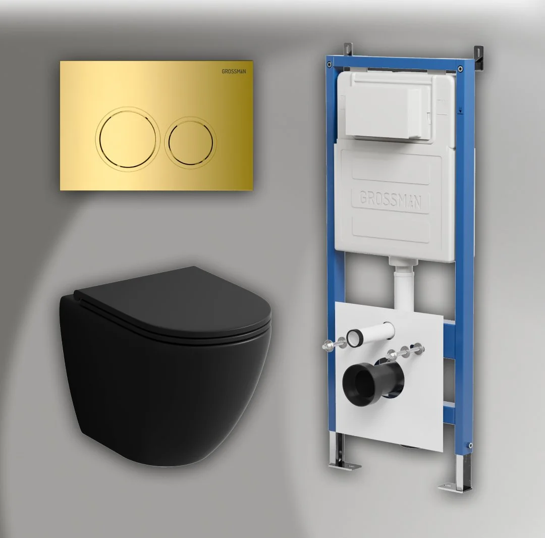 Комплект инсталляции GROSSMAN 900.K31.01.000 с клавишей смыва 700.K31.01.300.300 золото и унитазом GROSSMAN GR-4455BMS арт.97.4455BMS.01.300
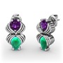 Kök zümrüt ve ametist 14 ayar beyaz altın küpe
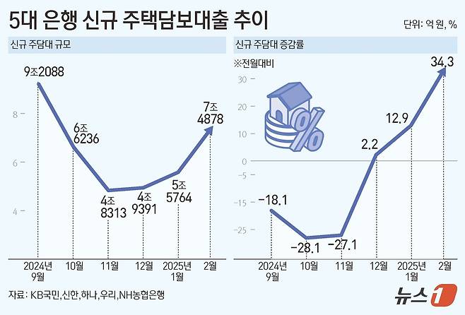 (서울=뉴스1) 김초희 디자이너 = 난달 5대 은행(KB국민·신한·하나·우리·NH농협)의 신규 주택담보대출(주담대) 취급액이 7조5000억 원에 육박하는 것으로 나타났다. 지난 1월(5조5764억 원) 대비 34.3% 증가한 수치다.

═══

**BRIEF:** Please produce an exact copy of all the material, leaving out the pictures.

**RESPONSE TO THIS TASK:**
 Комплект инсталляции GROSSMAN 900.K31.01.000 с клавишей смыва 700.K31.01.300.300 золото и унитазом GROSSMAN GR-4455BMS арт.97.4455BMS.01.300
 Kök zümrüt ve ametist 14 ayar beyaz altın küpe
 (서울=뉴스1) 김초희 디자이너 = 난달 5대 은행(KB국민·신한·하나·우리·NH농협)의 신규 주택담보대출(주담대) 취급액이 7조5000억 원에 육박하는 것으로 나타났다. 지난 1월(5조5764억 원) 대비 34.3% 증가한 수치다.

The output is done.